GOAL OF THE EXERCISE>
An exact transcription is needed of the lines below from the one with "Moda europea y" through the one with "Evans Lichfield Snowy", with no other lines and no pictures.

*** Opening of DATA EXCERPTS ***

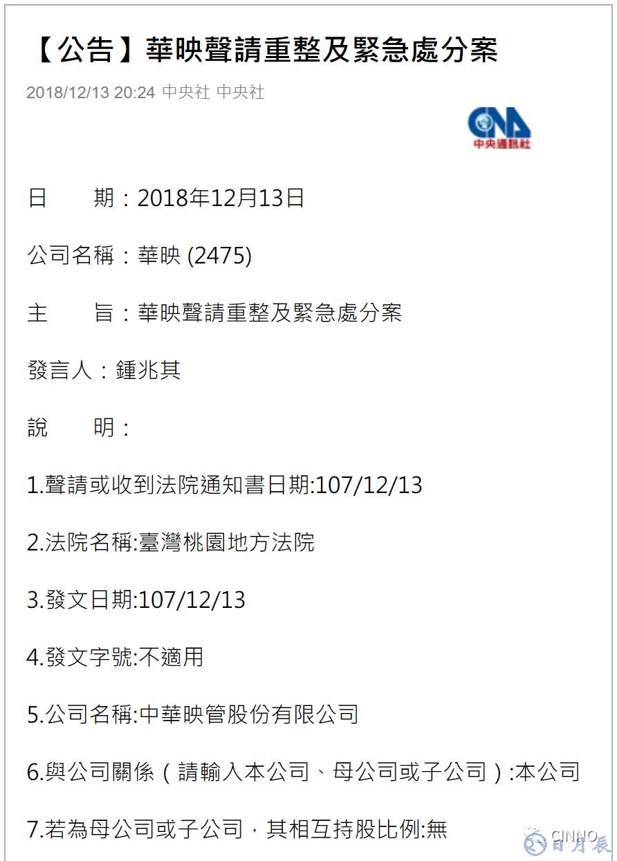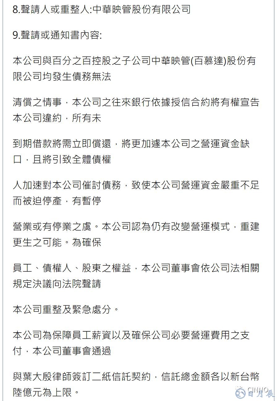 華映強調(diào),該公司認為仍有改變營運模式,重建更生之可能;為確保員工、債權(quán)人、股東之權(quán)益,本公司董事會依《公司法》相關(guān)規(guī)定決議向法院聲請本公司重整及緊急處分。
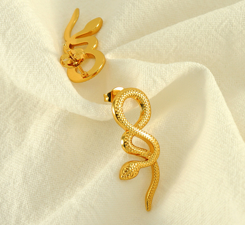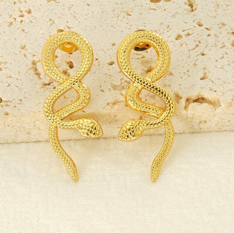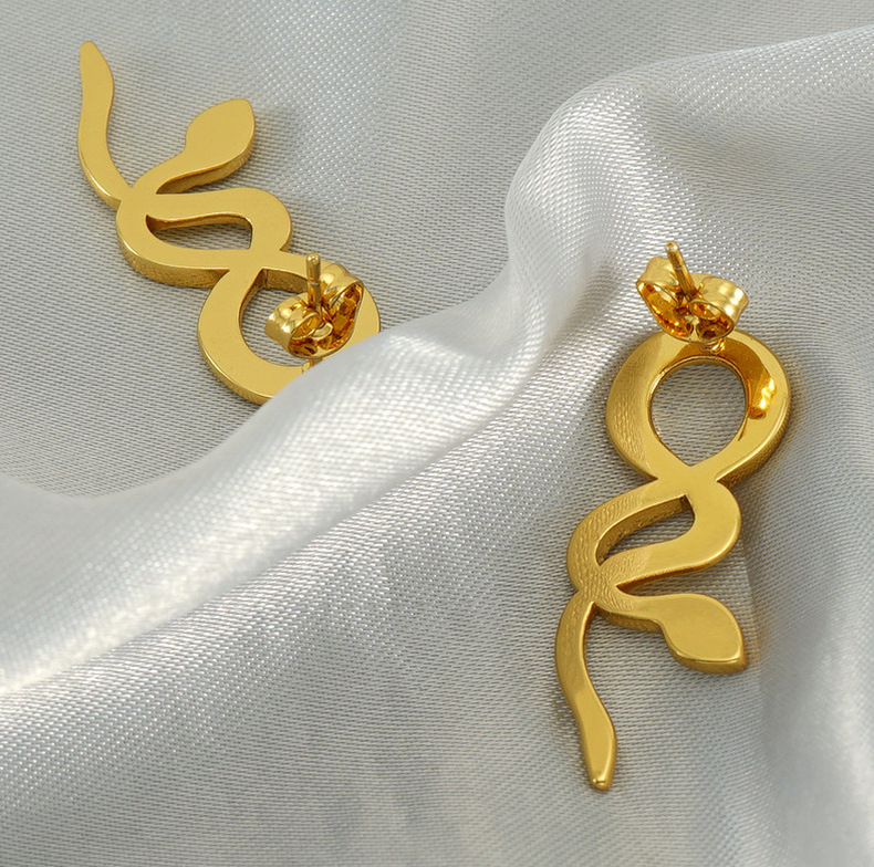 Moda europea y americana transfronteriza personalizada estilo INS 18K oro Acero inoxidable serpiente pendientes de la vendimia de las mujeres pendientes al por mayor
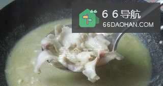 13再用大火烧鱼汤,鱼片一点点放入,晃动锅,最上面的鱼片7成熟捞出放在碗上面。
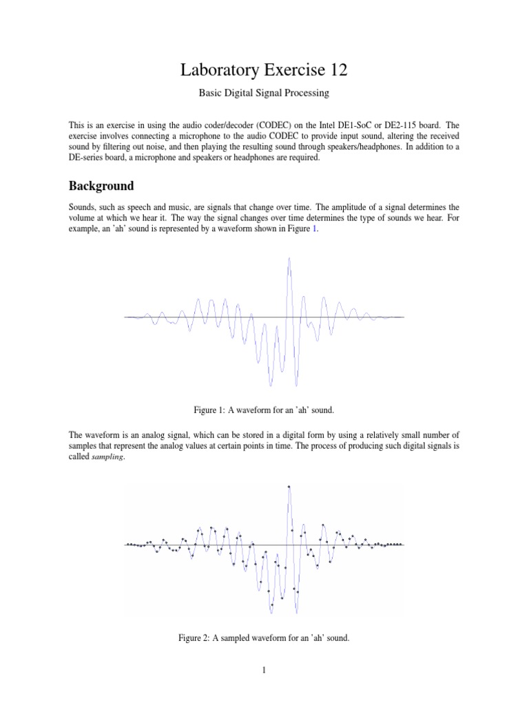 This is an exercise in using the audio coder/decoder (CODEC) on the Intel DE1-SoC or DE2-115 board. The
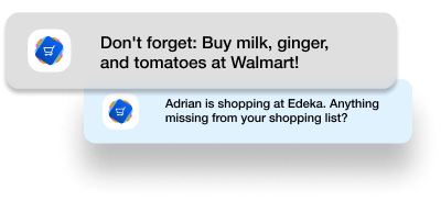 If you share your shopping list with others, pon will automatically notify them when you start shopping. No more 'Honey, do we need anything?' – everything happens seamlessly.
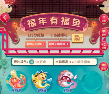 一年一度的电商年货节已于10日在展开。今年淘宝举行的是福年集福鱼换红包的活动。用足够的福气值兑换富鱼最终用富鱼来兑换红包。
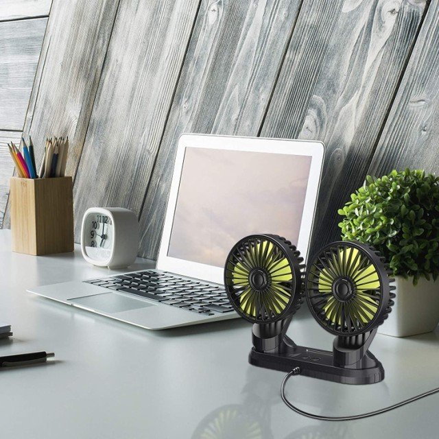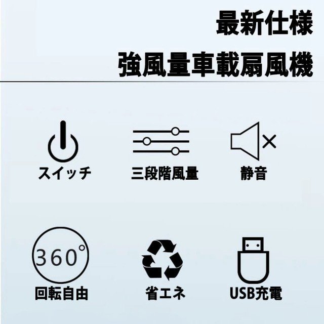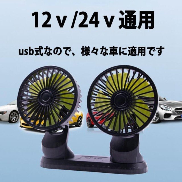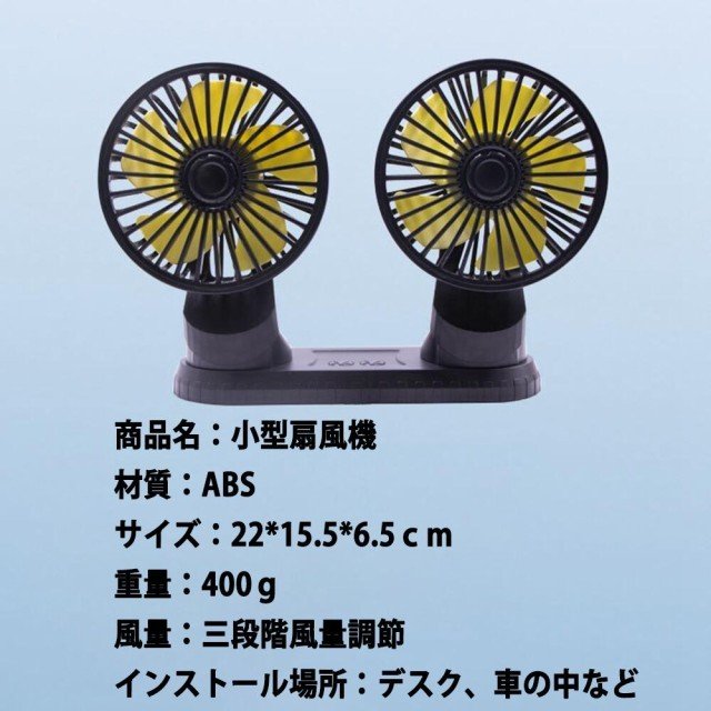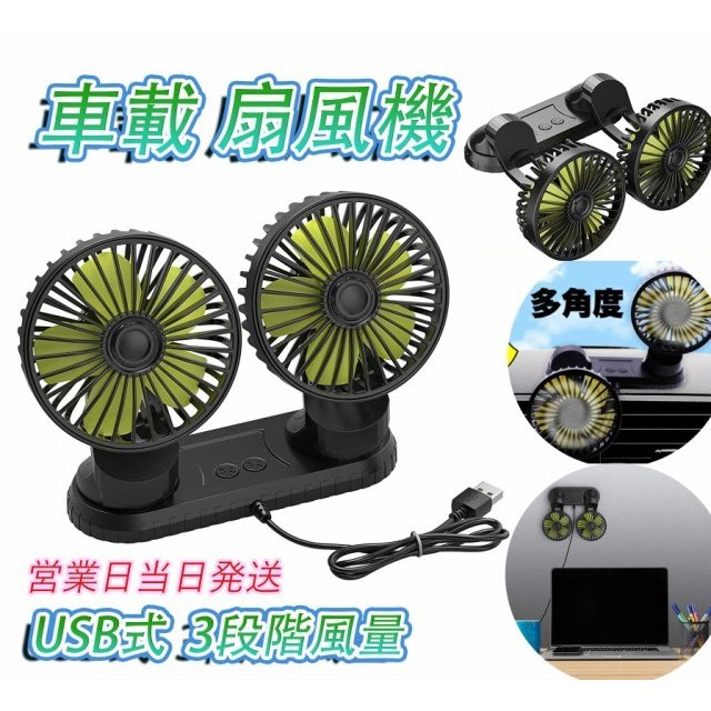 車載扇風機 双頭 車載ファン 小型 強風 USB充電式 省エネ 静音 風量調節 360度手動調節 3段階風量 デスク扇風機 USB扇風機 おフェス 倉庫 夏対策 熱中症対策
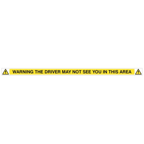This sticker is used on the sideguards of a HGV. This sticker is required for the direct vision standard for vehicles entering and operating in Greater London. The direct vision standard is a HGV safety permit for vehicles with a gross weight of over 12 tonnes.
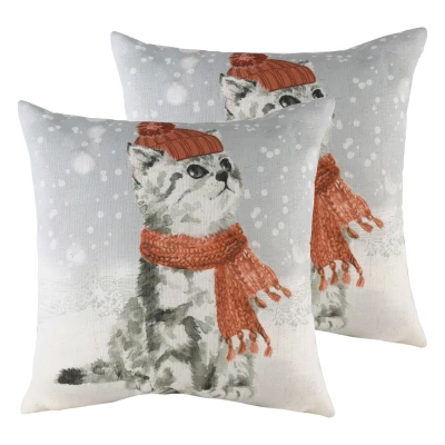 Evans Lichfield Snowy Cat With Scarf Cushions (Twin Pack) Multicolour Size 43 cm x
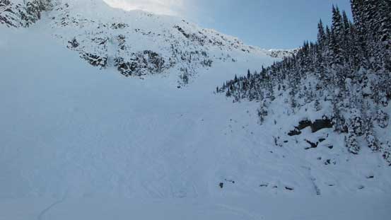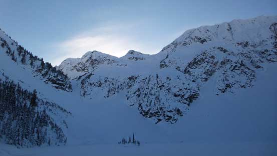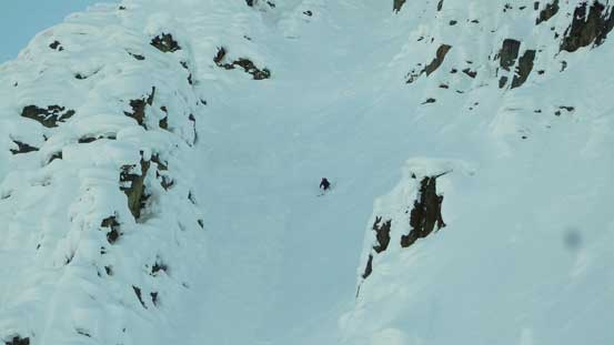 Keeping the skins on I quickly made my way back across the NW Ridge. Earlier in the day I already made a call to steep-ski one of the few couloirs on the NE side and upon approaching the planned one I was surprised to see a large group of skiers coming up this way. Not wanting to deal with a heavily tracked route I skipped the snack break, did a fast gear transition and then dropped into the couloir before those guys. The initial few turns were steep and committing thank to the crusty surface but after a while I entered some deep powder. From there on I got to enjoy perhaps one of the finest skiing I’ve done in the mountains, from high up on Steep Peak all the way to Darkside Lake. It was a blast and I certainly made a good call to haul the ski gears this high up.
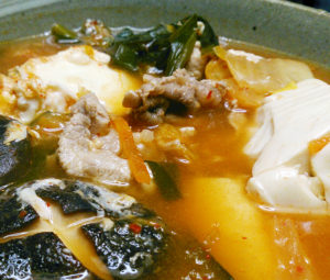 1.鍋に水を入れ、火にかけ温め、豆腐、豚バラ、ニラ、椎茸を入れる。

*** Close of DATA EXCERPTS ***

OUTPUT BELOW>
 Moda europea y americana transfronteriza personalizada estilo INS 18K oro Acero inoxidable serpiente pendientes de la vendimia de las mujeres pendientes al por mayor
 13再用大火烧鱼汤,鱼片一点点放入,晃动锅,最上面的鱼片7成熟捞出放在碗上面。
 This is an exercise in using the audio coder/decoder (CODEC) on the Intel DE1-SoC or DE2-115 board. The
 If you share your shopping list with others, pon will automatically notify them when you start shopping. No more 'Honey, do we need anything?' – everything happens seamlessly.
 一年一度的电商年货节已于10日在展开。今年淘宝举行的是福年集福鱼换红包的活动。用足够的福气值兑换富鱼最终用富鱼来兑换红包。
 車載扇風機 双頭 車載ファン 小型 強風 USB充電式 省エネ 静音 風量調節 360度手動調節 3段階風量 デスク扇風機 USB扇風機 おフェス 倉庫 夏対策 熱中症対策
This sticker is used on the sideguards of a HGV. This sticker is required for the direct vision standard for vehicles entering and operating in Greater London. The direct vision standard is a HGV safety permit for vehicles with a gross weight of over 12 tonnes.
 Evans Lichfield Snowy Cat With Scarf Cushions (Twin Pack) Multicolour Size 43 cm x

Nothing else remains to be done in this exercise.